For the incomplete data, we have to think a little harder. At the end of the observation interval, we don't know what the residence time will be, but we can put a lower bound on it; that is, we can say that the residence time will be greater than T.

And that means that we can compute the likelihood of the data using the survival function, which is the probability that a value from the distribution exceeds T.

The following function is identical to update_weibull except that it uses sf, which computes the survival function, rather than pdf.


In [35]:
from utils import normalize

def update_weibull_incomplete(prior, data):
    """Update the prior based on data.
    
    prior: joint distribution of mu and sigma
    data: sequence of observations
    """
    lam_mesh, k_mesh, data_mesh = np.meshgrid(prior.columns, prior.index, data)
    densities = weibull_dist(lam_mesh, k_mesh).sf(data_mesh)
    likelihood = densities.prod(axis=2)

    posterior = prior * likelihood
    normalize(posterior)

    return posterior

Here's the update with the incomplete data.


In [36]:
posterior2 = update_weibull_incomplete(posterior1, data2)
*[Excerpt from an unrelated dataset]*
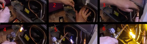 - A una distanza di 1-2 cm dalla giuntura del tubo-compressore, tagliare i tubi di aspirazione e di scarico, fare lo stesso a una distanza di 1–1,5 cm dalla giuntura del filtro del condensatore con un essiccante. Per fare ciò, utilizzare un tagliatubi.

And here's what the joint posterior distribution looks like after both updates.


In [37]:
plot_contour(posterior2)

savefig('fig12-03')


Compared to the previous contour plot, it looks like the range of likely values for $\lambda$ is substantially wider. We can see that more clearly by looking at the marginal distributions.


In [38]:
posterior_lam2 = marginal(posterior2, 0)
posterior_k2 = marginal(posterior2, 1)

Here's the posterior marginal distribution for $\lambda$ compared to the distribution we got using all complete data.


In [39]:
posterior_lam.plot(color='gray', label='all complete')
posterior_lam2.plot(label='some censored')

decorate(xlabel='lam',
         ylabel='PDF', 
         title='Posterior marginal distribution of lam')
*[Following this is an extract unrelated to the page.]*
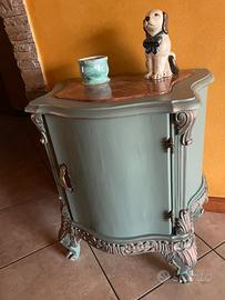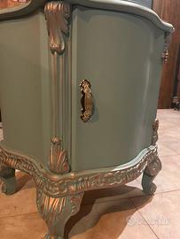 Comodino antico con fregi in legno massello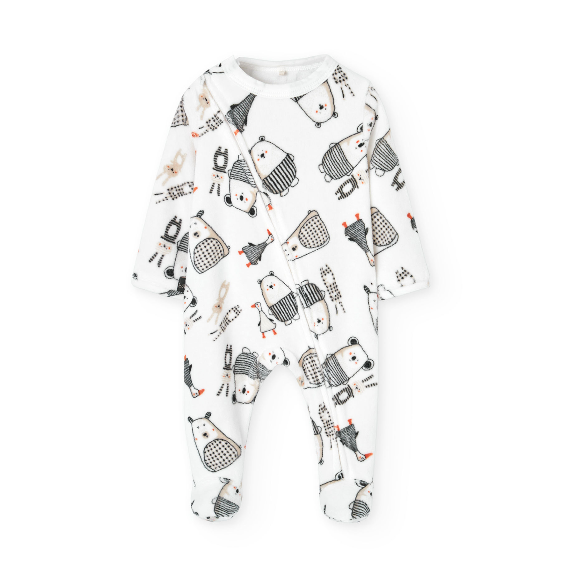 El pelele de punto en color blanco para bebé es una prenda imprescindible para los meses de invierno. Su delicado estampado de animales añade un toque tierno y encantador que enamora a grandes y pequeños, mientras que su tejido suave de algodón y poliéster garantiza abrigo y comodidad durante todo el día.

posterior_lam.mean(), posterior_lam.credible_interval(0.9)


Out[39]:
(2.406081938305909, array([1.189, 4.357]))

Visually, the distribution with some incomplete data is substantially wider, and the 90% credible interval is wider, too.
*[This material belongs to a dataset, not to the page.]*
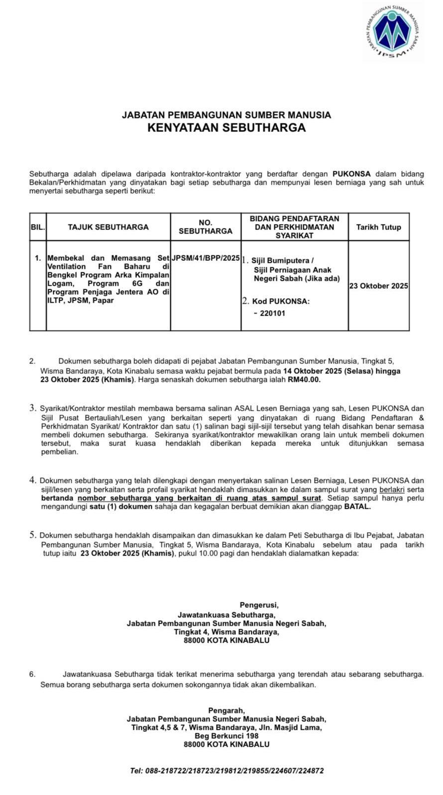 Kenyataan Sebutharga - Membekal dan Memasang Set Ventilan Fan Baharu di ILTP Papar

As an aside, notice that the posterior distribution does not come all the way to 0 on the right side. That suggests that the range of the prior distribution is not wide enough to cover the most likely values for this parameter. If I were concerned about making this distribution more accurate, I would go back and run the update again with a wider prior.

Here's the posterior marginal distribution for $k$:


In [40]:
posterior_k.plot(color='gray', label='all complete')
posterior_k2.plot(label='some censored')

plt.axvline(0.8, color='gray')
decorate(xlabel='k',
         ylabel='PDF', 
         title='Posterior marginal distribution of k')

posterior_k.mean(), posterior_k.credible_interval(0.9)


Out[40]:
(0.9640523544883197, array([0.59 , 1.423]))

In this example, the marginal distribution is shifted to the left when we have incomplete data, but it is not substantially wider.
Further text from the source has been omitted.